Hmmm.... recording sounds somewhere between late 50s and 70s, maybe American rather than European. That's a wild guess. Sounds like the kind of sound the Fine Arts used to get. Or the Budapest in fact. Sounds quite a lot like the Budapest on a very hasty listen.


----------



## Josquin13 (Nov 7, 2017)

One more--I can't find the individual timings of the movements, but could it be the Parrenin Quartet's 1969 recording for EMI? It's about the right vintage, I think... Have you ruled it out?


----------



## Josquin13 (Nov 7, 2017)

les24preludes said:


> Hmmm.... recording sounds somewhere between late 50s and 70s, maybe American rather than European. That's a wild guess.

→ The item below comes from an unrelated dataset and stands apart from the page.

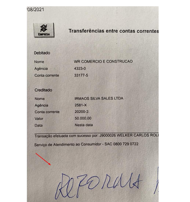 Também foi verificado que a construtora de Welker recebeu o pagamento de R$ 81.551,10 mil do Executivo no dia em que fez a transação bancária para Irmãos Silva Sales.

Sounds like the kind of sound the Fine Arts used to get. Or the Budapest in fact. Sounds quite a lot like the Budapest on a very hasty listen.


I agree. The 1st violinist uses a violin slide or two (similar to the Budapest's 1st violinist, but maybe not quite as pronounced). So I don't see it as being recorded much after the early to late 1970s, & given the excellent sound quality, I'd be very surprised if it was a mono or even early stereo recording. So, my best guess is that the recording was made sometime between 1965 and 1978-ish.

Timing-wise, it's not the Budapest or Fine Arts Quartets, as their timings are different (see my list above).

The 1st violinist for the Borodin Quartet also occasionally uses violin slides. I ruled out the Borodin's Chandos Historical recording--due to the different timings, but there's also a BBC Borodin recording (and possibly another more recent Chandos or Meloydia recording?), which needs to be ruled out, as well.


----------



## RavelRavel (Jul 19, 2018)

And the answer is... the SHANGHAI QUARTET!!! The recording is from 2001. The recording I have is of lower quality mp3 files (I really wish I knew where they came from); the actual recording has a much higher fidelity. I am so so grateful to you all, especially to you *Josquin13*, you put a lot of effort and thought into this and I am extremely appreciative. I've been listening to this recording for maybe about 15 years (I guess not long after it was released) and it's always been my favorite as I've already said. It's so wonderful to know who it is; now I can dig in further to their recordings. I was aware of them and have some of their Beethoven recordings (which are excellent), but now I'm gonna get everything!!

https://delosmusic.com/recording/bridgeravel-quartets-shanghai-quartet/

Thank you Thank you Thank you!!!!!!!


----------



## Merl (Jul 28, 2016)

Josquin13 said:


> Okay, I've gone through my recordings, on LP & CD, and additionally looked at the timings for a bunch of other Ravel string quartet recordings on the internet, which I know about, but don't own. First, I should point out that the timings on the internet may not always be reliable, as I've noticed some variances between different listings. For example, the Melos Quartett of Stuttgart has slightly different timings on alternate listings, which appear to vary by a number of seconds for each movement. (Although I suppose that could have something to do with the "Original image bit processing" remaster versus the old DG LP.)
> 
> Melos Quartett-
> 
> ...


That's some serious research, Josquin13. Kudos for all that effort. I know how long that stuff takes (ages).


----------